Ему не приходила в голову мысль, что исчезновение
(уничтожение?) дома могло быть государственной акцией. По
правде сказать, у него вообще еще не было никакой версии. Эта
была первой.

-- Нужно бороться, -- сказал Каретников. -- Я дам вам
телефон. Позвоните туда, расскажите о своей беде. Он наклонился
над столиком, быстро черкнул на клочке "Фигаро", оторванном для
этой цели, два телефона; под одним написал свою фамилию, а под
другим -"Арнольд Валентинович Безич".

-- Позвоните Арнольду Валентиновичу, он скажет, что
делать. Потом позвоните мне.

-- Спасибо, -- сказал Демилле, принимая бумажку.

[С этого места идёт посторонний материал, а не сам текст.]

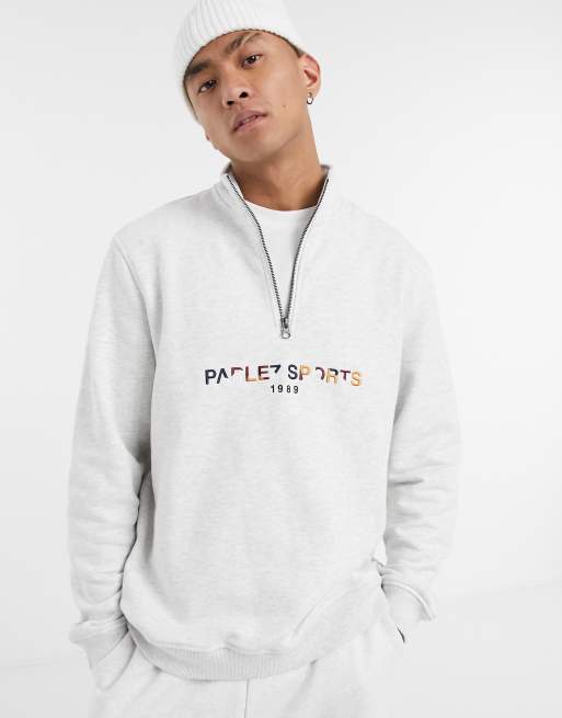 Parlez Nelson half zip embroidered sweatshirt in gray ASOS
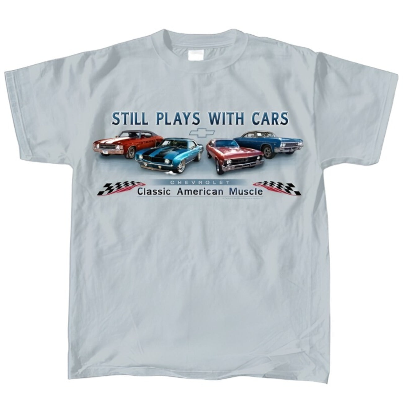 America and the Chevrolet muscle cars, what could be a better combination? Made of 100% cotton, this Chevy Chevrolet Classic American Muscle Car Short Sleeve T-Shirt provides the softness you crave, while the taped neck and shoulder seams offer premium durability.
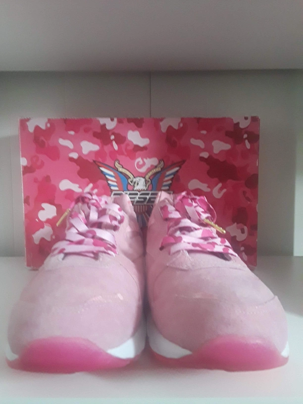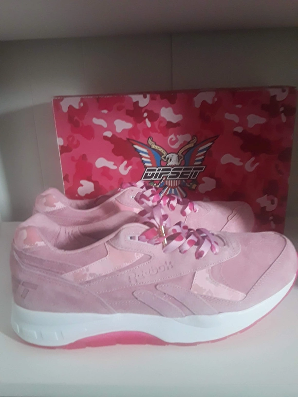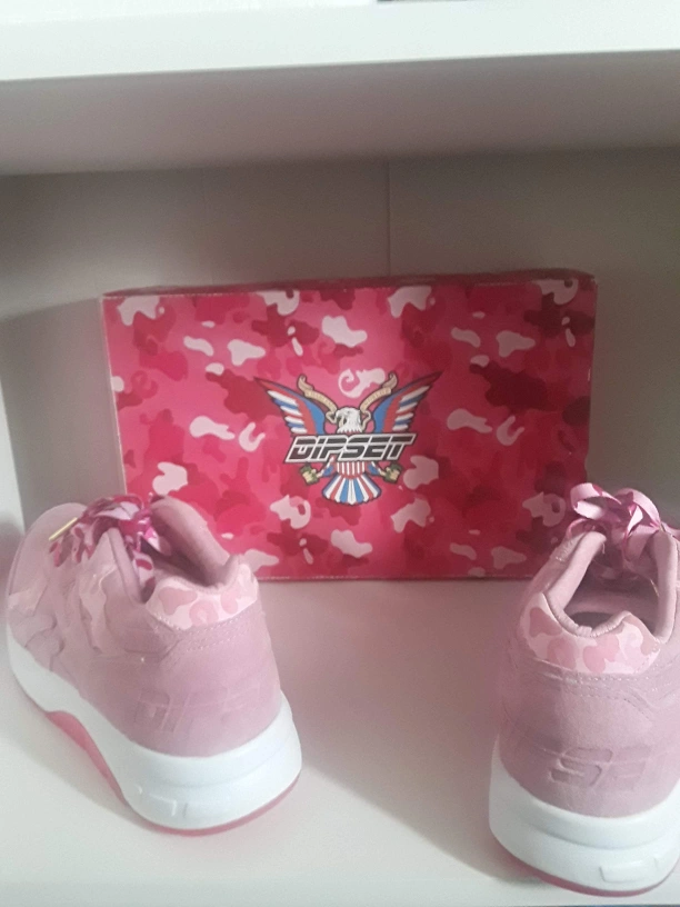 Selling a pair of Reebok sneakers in a pink camo design, featuring the Dipset logo. These are sure to make a statement! I don't think I have the Box for em. worn once.
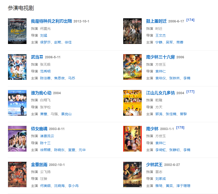 1999年主演武俠劇《小李飛刀》。
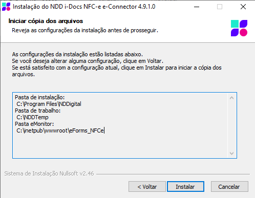 As configurações realizadas são listadas antes de iniciar a instalação. Reveja as configurações, caso deseje alterar alguma delas, clique em voltar. Se todos os parâmetros configurados estiverem de acordo com o desejado, clique no botão Instalar para iniciar a instalação do produto.
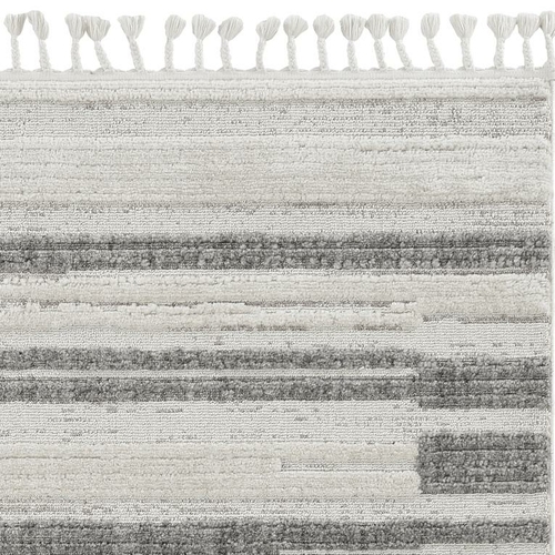 Transform your living space with the exquisite 94 x 130 Ivory Grey Polyester Rug. This stunning rug combines comfort, style, and modern design, making it a perfect statement piece for any room in your home. Crafted from 100% polyester, this machine-woven rug features a decorative cut loop pile and charming fringe, adding a touch of elegance to your decor.
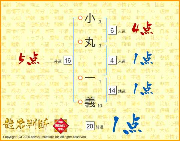 小丸一義さんの総運は20画の1点!
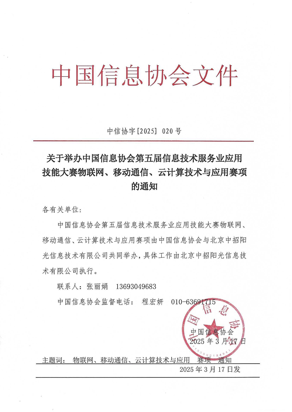 关于举办中国信息协会第五届信息技术服务业应用技能大赛物联网、移动通信、云计算技术与应用赛项的通知
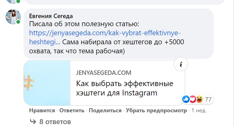 Недавно прокомментировала в Facebook пост о хештегах ссылаясь на свою статью. Через неделю смотрю, охват статьи со 100 человек вырос до 2000.
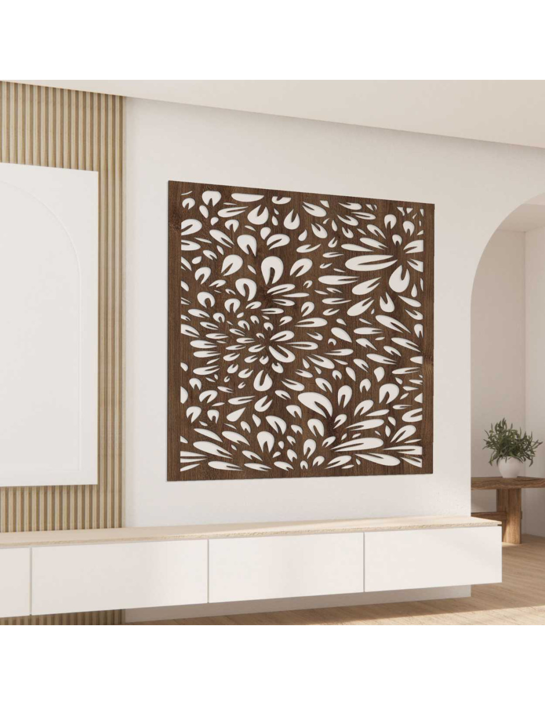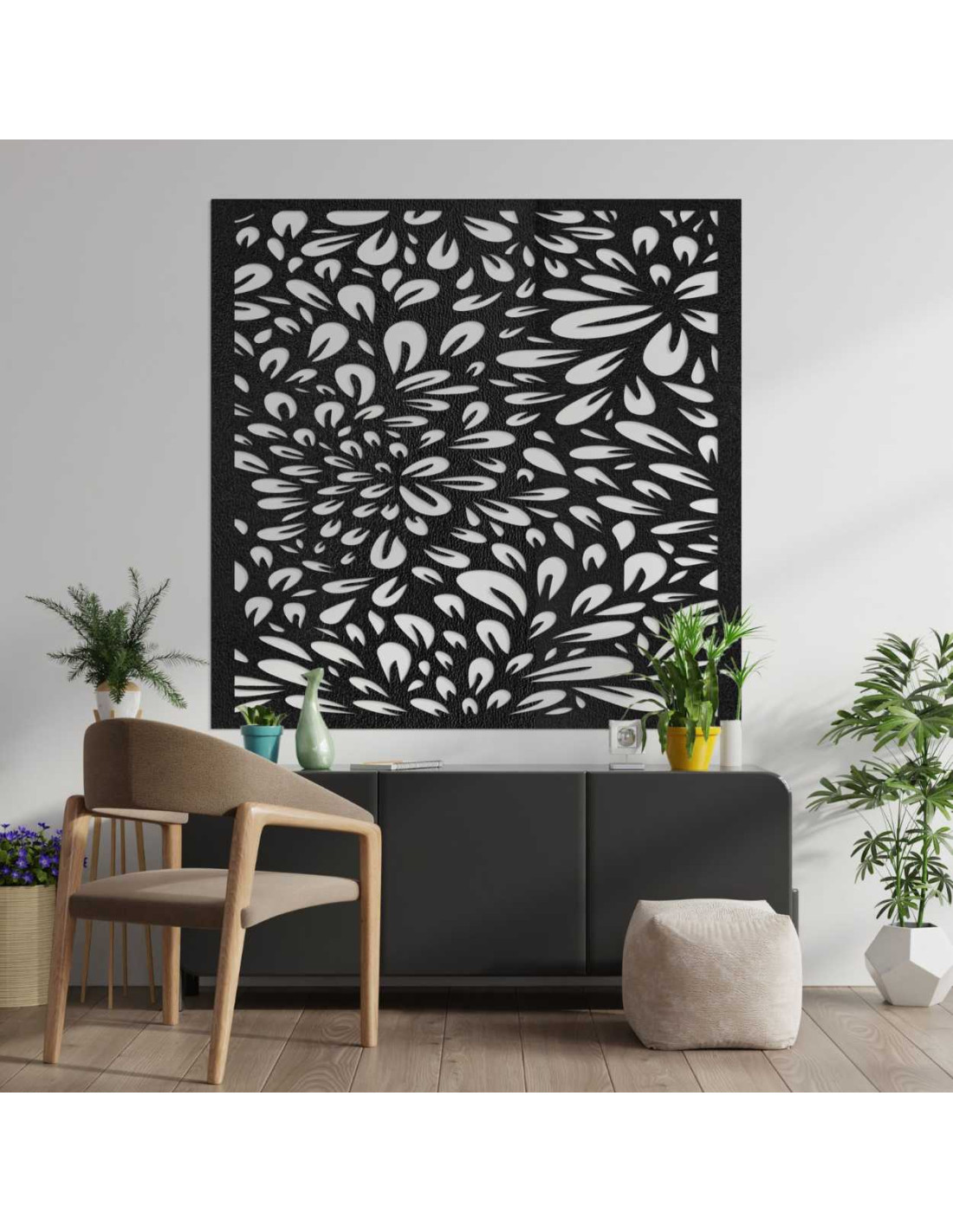 Négyzet alakú, faragott falpanel – virágminta - BOMB
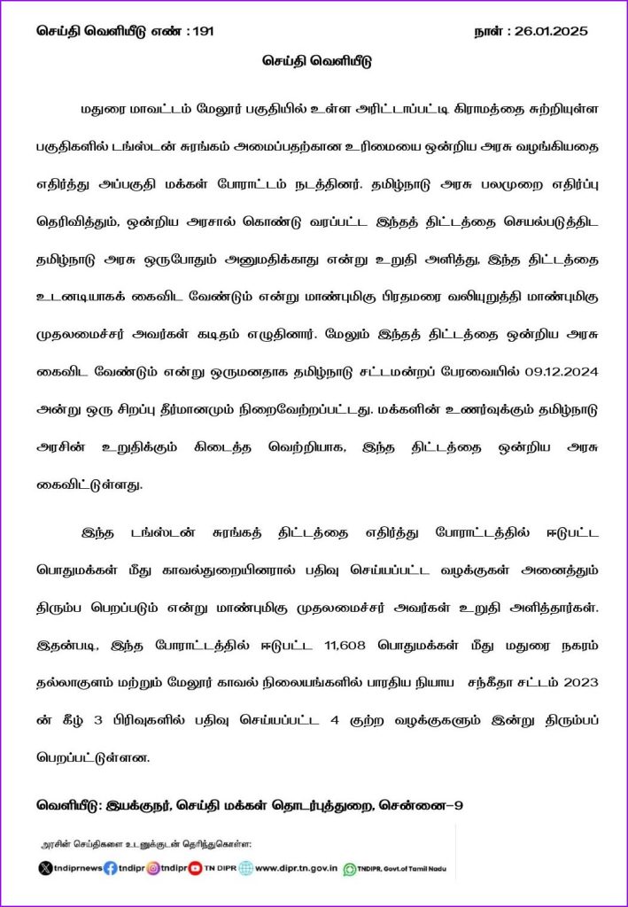 இந்நிலையில், டங்ஸ்டன் சுரங்கத் திட்டத்தை எதிர்த்து போராட்டத்தில் ஈடுபட்ட பொதுமக்கள் மீது காவல்துறையினரால் பதிவு செய்யப்பட்ட வழக்குகள் அனைத்தும் திரும்ப பெறப்படும் என்று முதலமைச்சர் அவர்கள் உறுதி அளித்தார்.
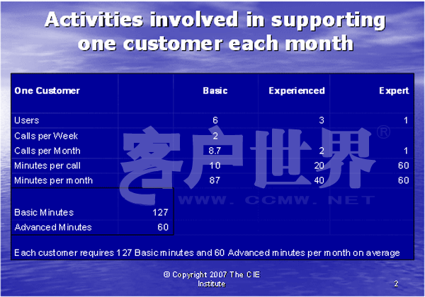 图表1为我们提供了重要的信息,有助于我们计算一般的客户在基础和高级两种技术支持中所需的技术支持的通话时长。我们需要区分这两种技术支持,因为提供高级技术支持的座席的月薪是2000美元,比提供基础技术支持,月薪为1000美元的座席每月所花的成本要高。那么,面临有经验的客户使用者时该怎么做呢?因为只有专业客户使用者才能要求高级座席支持,所以他们的需要似乎可以由与初级客户使用者打交道的基础座席处理。

-- Я могу оставить вас здесь, -- предложил Каретников. --
Вам ведь негде ночевать, вы устали...

-- Нет-нет! -- быстро возразил Демилле. -- Я пойду к маме.
У меня мама, знаете, не очень далеко...

Он словно оправдывался, но желание поскорей уйти из
будочки было весьма сильным. Евгений Викторович откланялся,
бормоча слова благодарности, вышел за калитку и снова пустился
в дорогу, провожаемый долгим, озабоченным взглядом Каретникова.

Он вышел к лесопарку, отделявшему новый район от районов
старой застройки. Лесопарк, по слухам, был небезопасен в ночное
время, но сейчас Демилле даже не подумал об этом, а зашагал
напрямик по дорожке, которая вскоре вывела его на центральную
аллею, где стояли окрашенные в белую краску садовые скамейки.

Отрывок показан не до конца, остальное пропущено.